In the 1970s, school busing expanded further, under controversial reasons; a number of larger cities began to bus students in an effort to racially integrate schools. Out of necessity, the additional usage created further demand for bus production.
Industry safety regulations
From 1939 to 1973, school bus production was largely self-regulated. In 1973, the first federal regulations governing school buses went into effect, as FMVSS 217 was required for school buses; the regulation governed specifications of rear emergency exit doors/windows. Following the focus on school bus structural integrity, NHTSA introduced the four Federal Motor Vehicle Safety Standards for School Buses, applied on April 1, 1977, bringing significant change to the design, engineering, and construction of school buses and a substantial improvement in safety performance.
While many changes related to the 1977 safety standards were made under the body structure (to improve crashworthiness), the most visible change was to passenger seating. In place of the metal-back passenger seats seen since the 1930s, the regulations introduced taller seats with thick padding on both the front and back, acting as a protective barrier. Further improvement has resulted from continuing efforts by the U.S. National Highway Traffic Safety Administration (NHTSA) and Transport Canada, as well as by the bus industry and various safety advocates. As of 2018 production, all of these standards remain in effect.
As manufacturers sought to develop safer school buses, a new generation of small school buses was developed. As a replacement for passenger van conversions, manufacturers began production of bus bodies using cutaway van chassis. Along with safer body construction and additional seating capacity, buses such as the Wayne Busette and Blue Bird Micro Bird introduced the capability of wheelchair lifts.
|Standard Name||Effective Date||Requirement|
|Standard No. 217 – Bus Emergency Exits and Window Retention and Release||September 1, 1973||This established requirements for bus window retention and release to reduce the likelihood of passenger ejection in crashes, and for emergency exits to facilitate passenger exit in emergencies. It also requires that each school bus have an interlock system to prevent the engine starting if an emergency door is locked, and an alarm that sounds if an emergency door is not fully closed while the engine is running.|
|Standard No. 220 – School Bus Rollover Protection||April 1, 1977||This established performance requirements for school bus rollover protection, to reduce deaths and injuries from failure of a school bus body structure to withstand forces encountered in rollover crashes.|
|Standard No. 221 – School Bus Body Joint Strength||April 1, 1977||This established requirements for the strength of the body panel joints in school bus bodies, to reduce deaths and injuries resulting from structural collapse of school bus bodies during crashes.|
|Standard No. 222 – School Bus Passenger Seating and Crash Protection||April 1, 1977||This established occupant protection requirements for school bus passenger seating and restraining barriers, to reduce deaths and injuries from the impact of school bus occupants against structures within the vehicle during crashes and sudden driving maneuvers.|
|Standard No. 301 – Fuel System Integrity – School Buses||April 1, 1977||This specified requirements for the integrity of motor vehicle fuel systems, to reduce the likelihood of fuel spillage and resultant fires during and after crashes.|
By the beginning of the 1980s, nearly the entire baby-boom generation had completed its high-school education, which led to a decrease in student populations in North America. Coupled with the recession economy of the early 1980s, the school bus production industry was left with a large degree of overcapacity; several manufacturers were in financial ruin.
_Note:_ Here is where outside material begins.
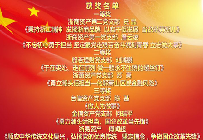 本次微黨課大賽宣講員們精心準(zhǔn)備,主題宣明,有圍繞集團(tuán)、公司戰(zhàn)略的“秉持浙江精神 發(fā)揚(yáng)浙商品牌”、“不忘初心勇于擔(dān)當(dāng) 堅(jiān)定跟黨走”,也有結(jié)合工作實(shí)際的 “如何干在實(shí)處、走在前列 做一顆永不生銹的螺絲釘”、“如何化解蕭山區(qū)域金融風(fēng)險(xiǎn)” 、“做人先做事”。在比賽現(xiàn)場(chǎng),選手們鏗鏘有力,激情奮發(fā),講述了一堂堂內(nèi)容生動(dòng)、精彩紛呈的微型黨課,充分展示了公司黨員高尚的理想追求和昂揚(yáng)的工作熱情。經(jīng)過(guò)評(píng)委公正的評(píng)判,最終選出了一等獎(jiǎng)二名,二等獎(jiǎng)二名,三等獎(jiǎng)三名,并推薦一等獎(jiǎng)參加集團(tuán)微黨課大賽。

During the 1980s and 1990s, safety would remain a highlight of many school bus redesigns and model introductions. To increase loading-zone visibility, the design of bus bodies began to move the driver upward, outboard, and forward; windshields grew larger in size. Improving the ergonomics of the drivers' compartment was intended to decrease driver distraction, which led to improved layouts of controls and switches. To avoid stalling in stop-and-go driving (and in potentially dangerous places, such as intersections or railroad crossings), automatic transmissions had begun to replace manual transmissions during the 1980s. As a result of the 1970s fuel shortages, steps were also taken to improve the fuel economy of school buses. In the 1980s, manufacturers began to include diesel engines as options in conventional and small school buses; previously, diesel engines were considered a premium option only used on transit-style school buses. In 1986, Navistar International became the first chassis manufacturer to phase out gasoline engines entirely. Other manufacturers followed suit, and diesel engines replaced gasoline engines in virtually all full-size school buses by the mid-1990s.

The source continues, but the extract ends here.